We further explored the relative importance of the available features for building the random forest classifier.
dotPlot(varImp(RF), main = "Random forest classifier feature importance")
We noticed that the raw_timestamp_part1 feature appears to be the most important for the performance of the random forest classifier.
Therefore, we concluded that the stand alone Random Forest classifier we build provides the best predictive performance. We will perform the predictions on the final_testing data set by using this classifier.

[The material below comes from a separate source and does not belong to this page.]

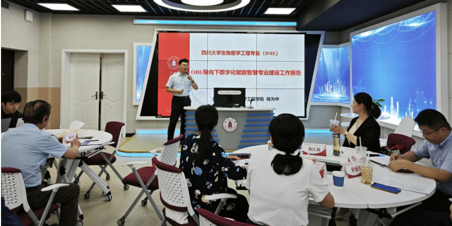 在介绍环节后,工口漫画 系主任杨为中教授带来了以“OBE导向下AI赋能专业/课程一体化改革”为主题的智慧专业建设报告,报告首次提出了OBE导向下的BME数字化专业建设思路,并围绕如何通过“AI赋能专业宣传、专业管理、专业培养”等方面进行深入阐述,并重点展示了AI赋能面向专业认证的达成度分析、数字化赋能的VR专业展示及基于AI知识图谱的“材料生物学”课程改革等典型案例。

Finally, we tested the prediction accuracy of our best classifier by performing a one-time test using the final_testing set:
final.prediction.RF <- predict(RF,newdata = final_testing)
By comparing the 20 predicted classes to the actual class labels (data not shown), we found that the random forest classifier was able to correctly classify all 20 cases (100% accuracy). The code provided in this analysis report is sufficient to reproduce and confirm these findings.